Australian far-right provocateur and commentator

Avraham Shalom Yemini ( Waks; אברהם שלום ימיני) is an Australian-Israeli far-right provocateur and commentator. Since 2020 he has worked as the Australian correspondent for Rebel News, a Canadian far-right website. Yemini has been involved in numerous cases of litigation, initiated both by him and against him.

Yemini grew up in a large family in Melbourne, Victoria, and attended various Orthodox Jewish schools in Melbourne and overseas. When he was 16 he became addicted to heroin and at the age of 19 joined the Israel Defense Forces (IDF) in an attempt to get off drugs. He later opened up and ran two gyms in the Melbourne area, both of which were sold in 2018.

In 2018, Yemini unsuccessfully ran as a candidate for the Australian Liberty Alliance in the Victorian state election.

==Early life and education==
Yemini was born in Melbourne, Victoria, to Zephaniah (formerly Stephen) and Hava Waks, and grew up in the Melbourne suburb of St Kilda East. He is one of seventeen children who were raised in an ultra-Orthodox Chabad family. Yemini is a younger brother of Manny Waks.

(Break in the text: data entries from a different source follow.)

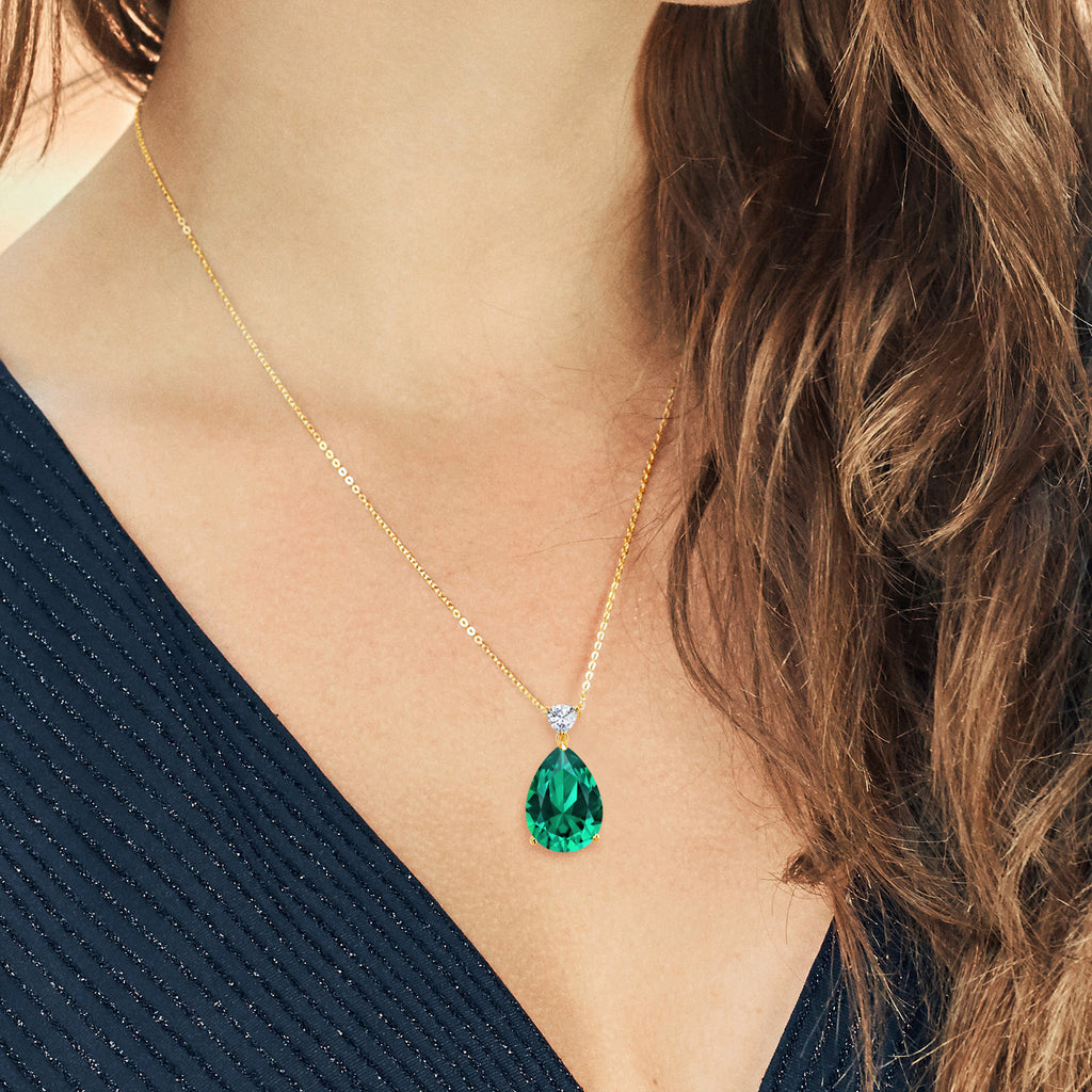 CAPTIVATING GEMSTONE ELEGANCE: The centerpiece of this stunning necklace features a lavish 18X13MM pear-shaped gemstone, harmoniously complemented by a 5MM trillion accent stone. With its classic teardrop silhouette, the pendant offers a brilliant play of light, showcasing the gemstone's clarity and depth. As a birthstone option, this piece not only captures attention but also resonates personally with its wearer, making it a cherished symbol of individuality.
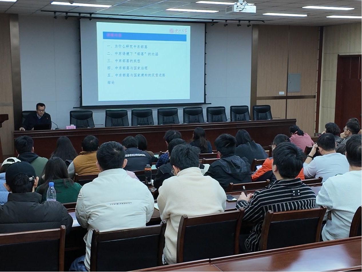 12月4日上午,區(qū)域國別研究院邀請西北大學韓志斌教授在雁塔校區(qū)會議中心第五會議室作了題為《中東部落:概念認知、類型演化與社會治理》的學術講座。講座由區(qū)域國別研究院執(zhí)行院長劉輝主持,研究院專兼職研究人員及工程技術與管理人員國際化能力培訓班學員共同聆聽了報告。
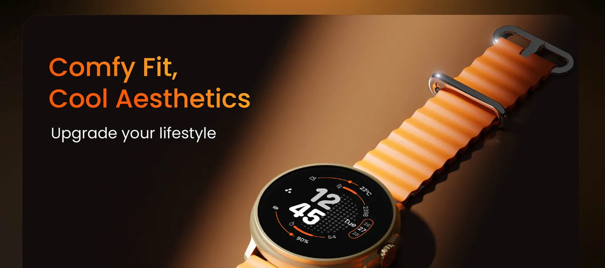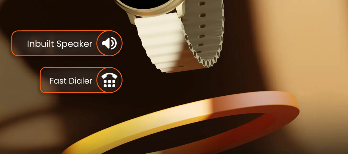 Introducing Ambrane Rush - the smartwatch that's not just smart, but stunningly stylish too! With its sleek, circular dial and premium aesthetics, Rush is the perfect accessory to elevate any outfit. But it's not just a pretty face - this smartwatch also boasts health monitoring features and sports modes to help you stay on top of your fitness goals. And with comfortable, adjustable straps and a rotatory side button, it's as easy to wear as it is to use. Plus, with cool new straps available, you can switch up your style to suit any occasion. Get your hands on Ambrane Rush today and add some serious style to your wrist!
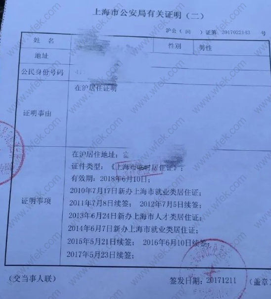 - 上海居转户 现居住地计划生育证明
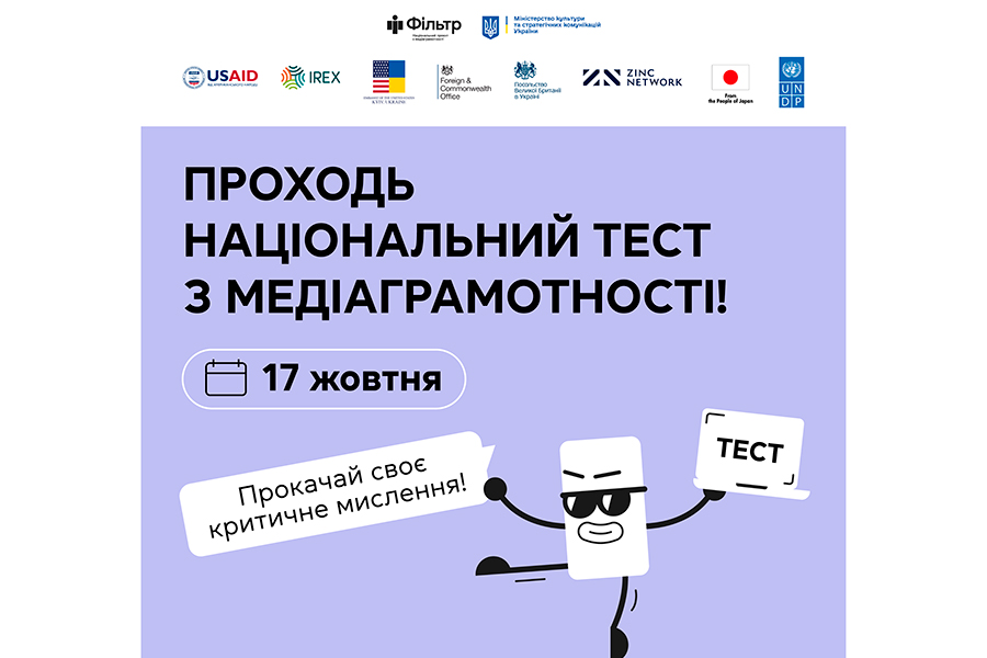 The National Media Literacy Test is implemented by the National Media Literacy Project "Filter" of the Ministry of Culture and Strategic Communications with the support of UNDP in Ukraine and funding from the Government of Japan, and the Media Literacy and Cognitive Resilience Project in Ukraine, implemented by Zinc Network and funded by the Government of Great Britain. The National Media Literacy Test is implemented together with the USAID "Dream and Act" program, which is implemented by IREX in Ukraine, and the "Study and Discern: Infomedia Literacy in Education" project, which is implemented by IREX Ukraine with the support of the US Embassy.

Yemini attended Yeshivah College, and was later sent to ultra-Orthodox schools in the U.S., Israel and Brazil. He returned to Melbourne when he was 16, and subsequently became addicted to heroin. He spent the next two years in rehab, foster homes and crisis care.

==Career==
Yemini joined the IDF when he was 19, in an effort to address his drug addiction. He served with the IDF's Golani Brigade from 2005 until 2008. Most of his active duty was spent along the border of the Gaza Strip. After returning to Australia, Yemini opened IDF Training, a gym in Caulfield, Victoria. The gym, known for training Krav Maga, was at the time described as largest training centre for the martial art in Australia. In 2016 he opened a second gym in the Melbourne central business district. In 2018, Yemini sold the gyms.

In 2015, Yemini started his own Facebook page which he used to start building a profile by creating controversy. In 2017 he worked as a content creator for the Australian Liberty Alliance. Yemini later ran as a candidate for the Australian Liberty Alliance in the Southern Metropolitan Region of the Victorian Legislative Council at the 2018 state election. He was unsuccessful, receiving 0.49% of the vote. By 2019, Yemini was a staple in Australian far-right media, being a regular guest on The Bolt Report and Mark Latham's Outsiders.

In 2020, Yemini became the Australian correspondent for the Canadian far-right outlet, Rebel News. He is known for his performance skills and opportunistic nature. Through his work with Rebel, Yemini emerged as a critic of former Victorian Premier Daniel Andrews and his government's response to the COVID-19 pandemic.

In 2026, Yemini tried to form a party called Free Palestine party for the 2026 Victorian state election, in a bid to attract votes from left-wing voters and redirect preferences of votes the party receives to right-wing parties. The electoral commission responded by confirming it had no authority to prevent parties from adopting misleading names, and in June the commission began the process of registering "Free Palestine" as a political party. In July 2026 The Age reported that the Allan government was set to introduce legislation by the end of the month to abolish group voting tickets.

=== Social media bans ===
In April 2016, the Facebook page for Yemini's IDF Training gym was banned for three days for sharing an antisemitic post with the hashtag "saynotoracism". Yemini said he had shared the post to raise awareness of the intolerance faced by the Jewish community.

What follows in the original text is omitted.